Beitrag von Felix Gietenbruch, CH-Basel, erschienen in der Zeitschrift 'Wegbegleiter' Nr. 2/2004, S. 2-6.

Engel, Geister & Dämonen

Eindrücke vom VI. Wegbegleiter-Forum

Als ich am Freitag, den 23. April 2004 zusammen mit einem Freund im Zug nach Schaffhausen zum VI. Wegbegleiter-Forum fuhr, war ich sehr gespannt darauf, was uns dort erwarten wird. Die Tagung lockte mit dem viel versprechenden Titel: »Engel, Geister & Dämonen… wer sie sind und wie sie um uns wirken.« Einerseits gespannt auf die Referenten, von denen ich jeweils schon das eine oder andere gelesen hatte, aber ihnen mit einer Ausnahme noch nie von Angesicht zu Angesicht begegnet bin; andererseits gespannt auf die anderen Teilnehmer: was sind das für Menschen, die sich auch für Fragen interessieren, die mich selber brennend bewegen? Nach und nach trafen die Gäste ein, nach einer Beobachtungsphase kam es dann auch schon zu ersten Gesprächen mit anderen Angereisten. Spätestens beim Abendessen wurde mir bewusst, wieviele Menschen den Weg nach Schaffhausen ins Hotel »Promenade« gefunden hatten, so viele, dass einige sogar in einem anderen Hotel übernachten mussten: das Thema »Engel, Geister & Dämonen« muss Brisanz haben.
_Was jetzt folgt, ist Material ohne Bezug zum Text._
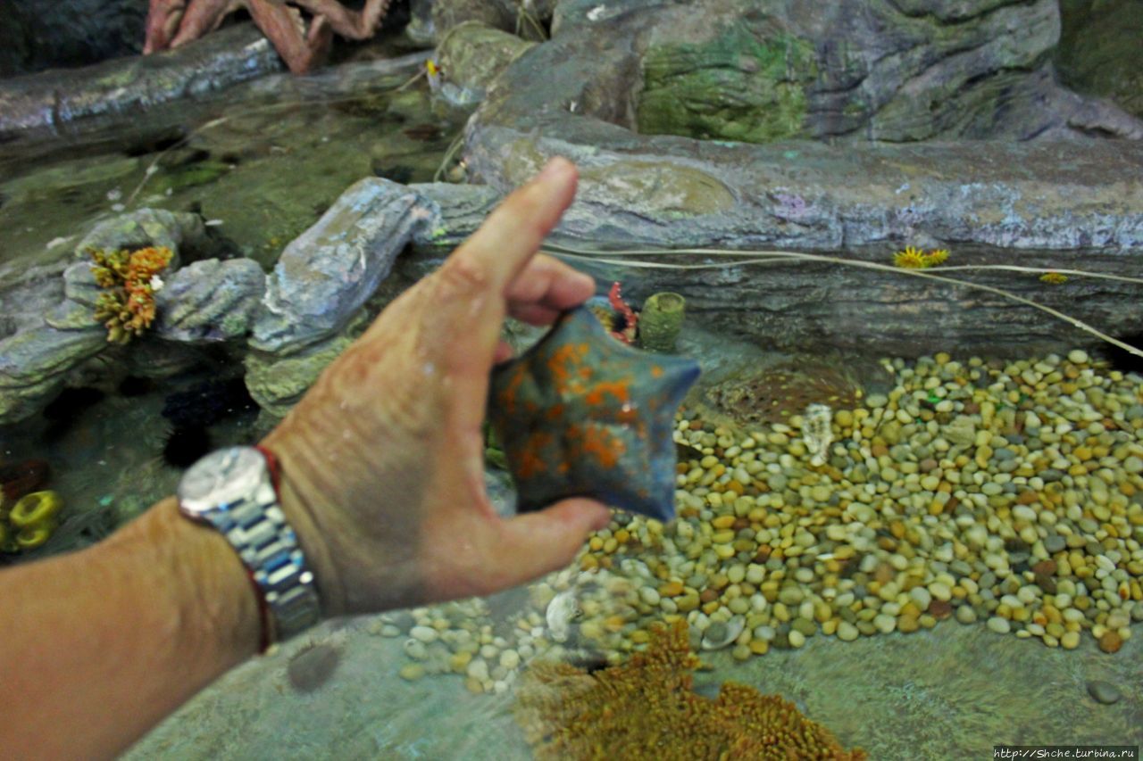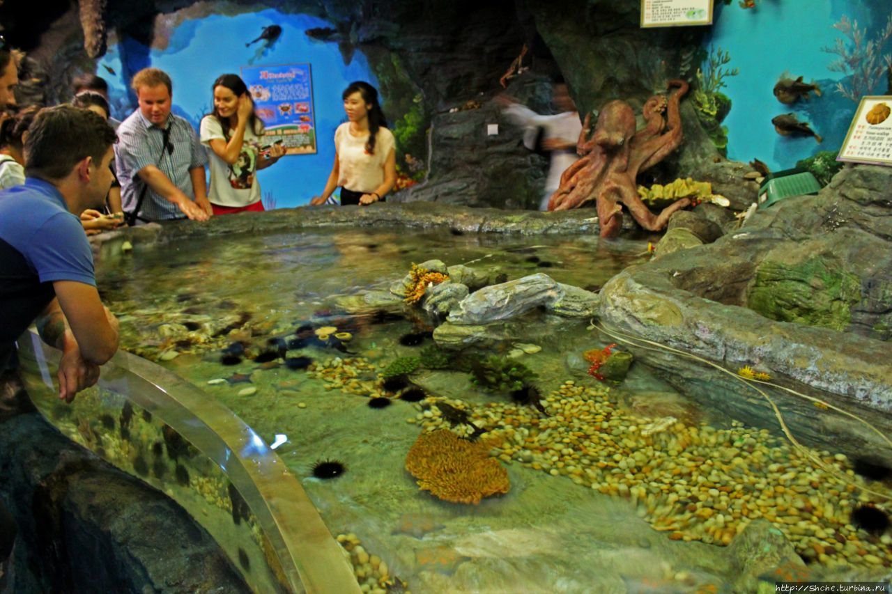 Но и это еще было не все. Из тоннеля мы вышли в комнату с контактным аквариумом, в котором можно было потрогать руками небольших скатов и морских ежей...

Nach der Begrüssung durch den Organisator Martin Weber und die Frau von Alex Schneider (letzterer konnte wegen Krankheit nicht kommen), wurde das dichte Programm am Freitagabend mit einem Vortrag von Werner Schiebeler – »Engel als Boten Gottes und Helfer der Menschen« – eröffnet. Der Vortrag begann mit einer Einführung in die Welt der Engel Gottes anhand von biblischen Beispielen. Diese stellen aber nur die eine Seite der Geistigen Welt dar; die andere ist die des Satans als Widersacher Gottes, der auch seine Engel hat, die zum Unheil wirken. W. Schiebeler wies darauf hin, dass für viele moderne Theologen durch die Entmythologisierung weder die eine noch die andere Seite eine Realität hat. Aber die Parapsychologie mit ihren gesammelten Erfahrungen kann zeigen, dass auch der moderne Mensch geistige Wesen zu seinem Heil oder Unheil erfahren kann. Beispiele von Engelbegegnungen aus dem 19. und 20. Jh. zeigten dies eindrücklich. Leider war der abgelesene Vortragstext viel zu lang für die berechnete Zeit, sodass ein Sprung ans Ende des Manuskriptes zu einem letzten Beispiel nötig wurde. Dieses war sehr eindrücklich, da es eine eigene Erfahrung von W. Schiebeler wiedergab: eine Aufzeichnung des lebendigen Gespräches durch ein Medium mit einem in Finsternis gebundenen Verstorbenen, der sich nach langem Zögern schliesslich auf den Weg zum Gott des Lichts und Lebens macht. – In diesem Schluss wurde für mich der Vortrag lebendig, der zeitweise durch das Ablesen des Manuskriptes, das man nachher in Buchform kaufen konnte, monoton wirkte.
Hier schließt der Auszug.